There were certain things she couldn't do anymore. She was going to be a heart surgeon. She had a mission in life. Once she became a zombie, the only way she could see herself existing was by working in the morgue. She had to give [heart surgery] up, and suddenly it was like losing her purpose in life. She thought she met the guy she was going to marry, and then that is stripped from her. It's taken from her because she can't marry a guy that she can't have sex with. Every day she can be afraid that she is going to trip, grab him and scratch him, turning him into a zombie. The best things in her life were taken away from her. As we meet her in the pilot, we wanted it to feel like she barely knows why she gets out of bed in the morning. As we begin the episode her attitude is very much, "What's the point of going on? I'm not saving lives. I'm working with dead people and eating their brains." And so by figuring out a way to use the zombie ability of hers to experience the memories of the dead, it gave her a reason to go on.
Normal people would kill a zombie upon discovering their existence. Instead, Ravi turns into an unexpected ally for Liv as he aims to help find a cure. What is it that drives him to want to help her?
Ravi has the Loch Ness monster drop into his lap. For a guy who worked at the CDC and thought he was going to work there forever — it was his career goal — he just had a medical miracle drop into his lap. It was also a necessary writing point that we had a character that would be jazzed by that idea. We wanted the energy of Scotty from the new Star Trek movies: He should always feel like he had three Red Bulls.
As minor of an outbreak as it was, how important to the series is discovering what caused the outbreak in the first place?

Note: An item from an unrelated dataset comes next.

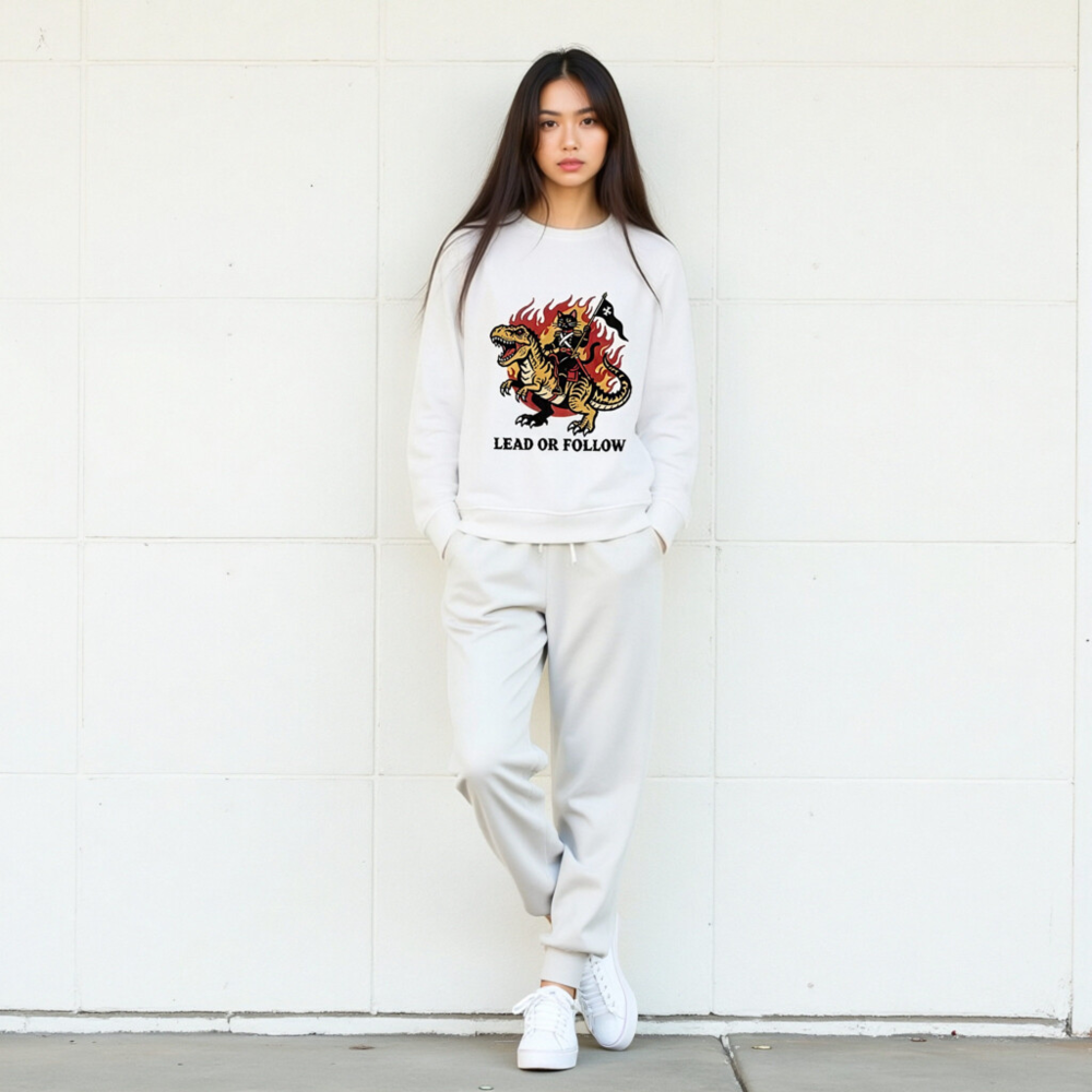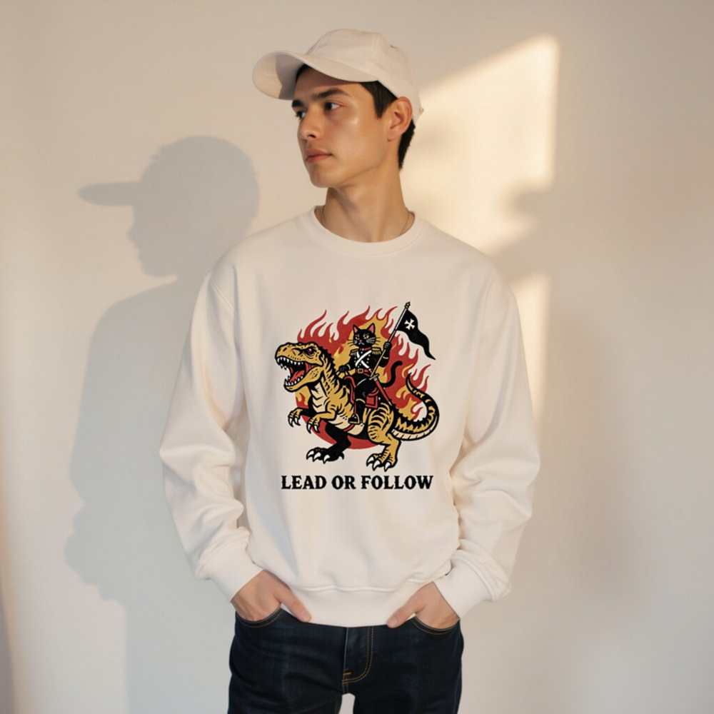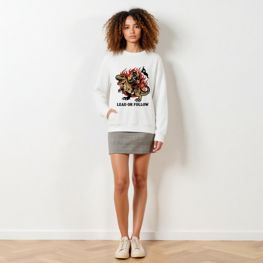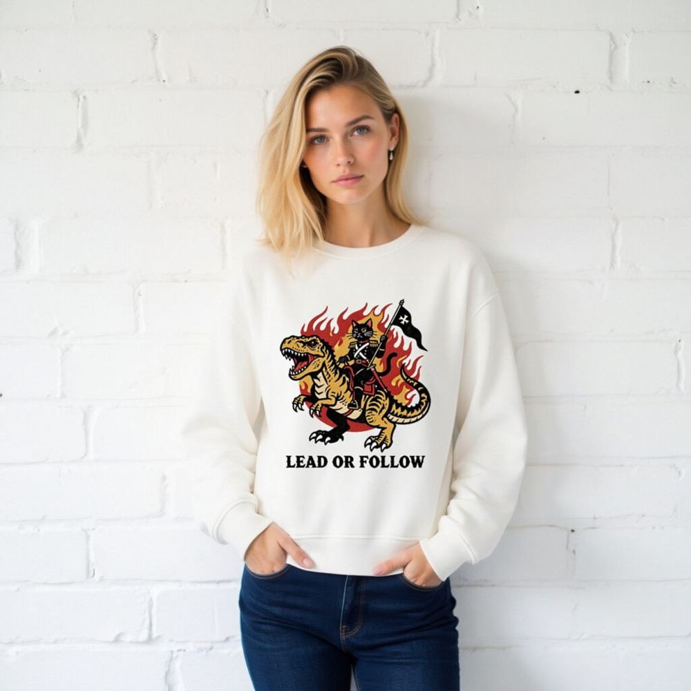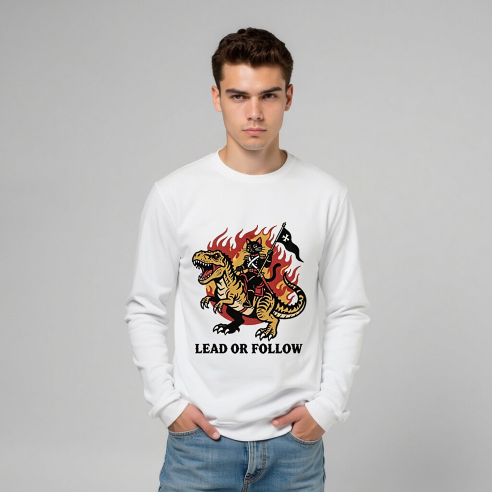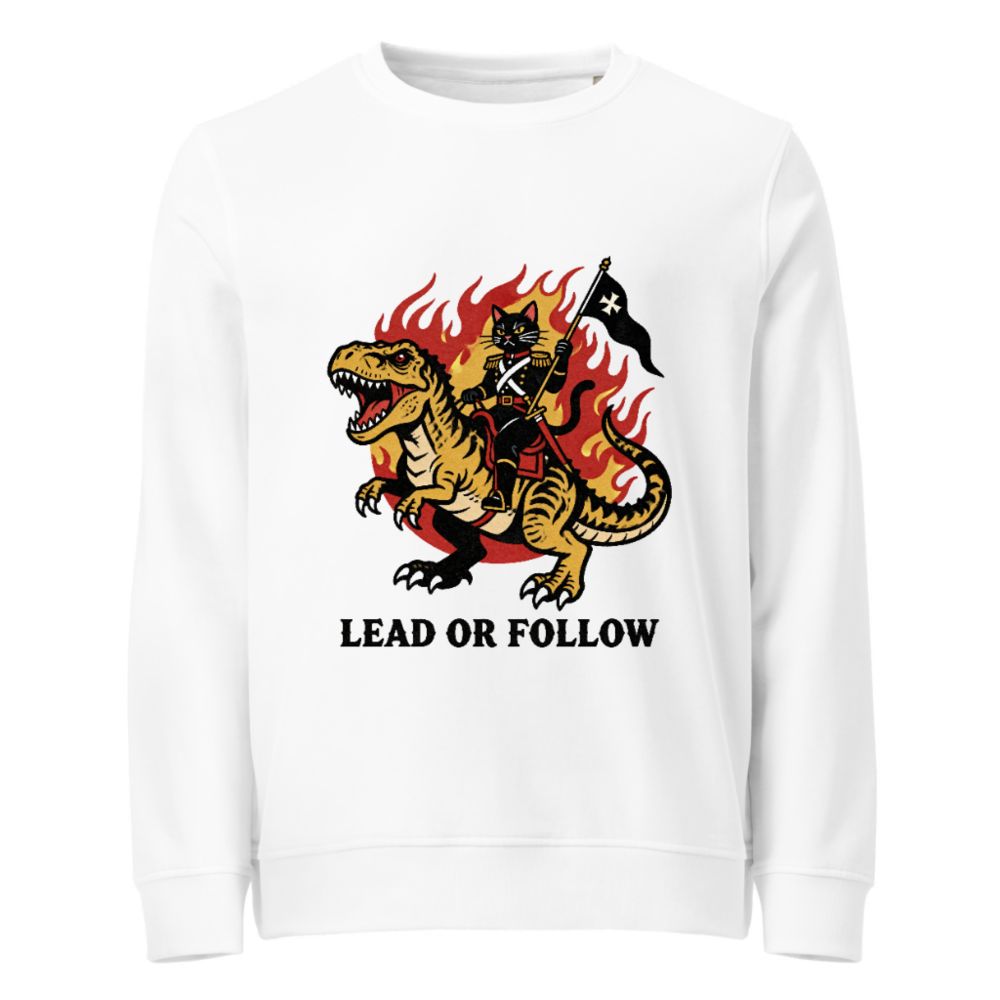 Eco-friendly unisex organic sweatshirt featuring bold vintage-style art: a black cat in military regalia riding a roaring T-Rex amid flames, holding a black flag with white cross. Printed with non-toxic ink on certified organic cotton. ‘Lead or Follow’ slogan below. Soft, sustainable, and statement-making—perfect for bold, eco-conscious wearers.

It's definitely going to play as a big plot machination in season one and into season two at the very least. Part of what Ravi and Liv will be chasing in season two will be the Holy Grail of finding the concoction to turn people into zombies. That's going to be part of the mythology that we'll keep diving back into. At some point we have to solve it, but I don't think we can play that as a 100-episode mystery, but it will at least go into season two.
Did DC have any notes for you on the adaptation?
We had a Hulk joke in the pilot script that they asked us to take out (laughs). Injecting Marvel comics into the universe was a no-go. I think the joke simply was Liv at the end of the pilot saying something like, "Zombie smash!" We varied a good distance away from the comic book and they have been cool about that. They want us to be very consistent with the rules.
Will there be any Veronica Mars actors dropping by?
In season one, we have three Veronica Mars people: Percy Daggs (Wallace), Ryan Hansen (Dick) and Daran Norris (Cliff). Hopefully we'll see more of them.
Is iZombie connected to the DC TV universe with Arrow, Flash and potentially Supergirl?
Not as far as I know. We have no plans on crossing over. I would really need to think about it if anyone ever decided that needed to happen for some sort of synergy reason. But no, there haven't been any talks of iZombie existing in the same universe as The Flash or Arrow.
iZombie premieres Tuesday, March 17, at 9 p.m. on The CW. Will you watch?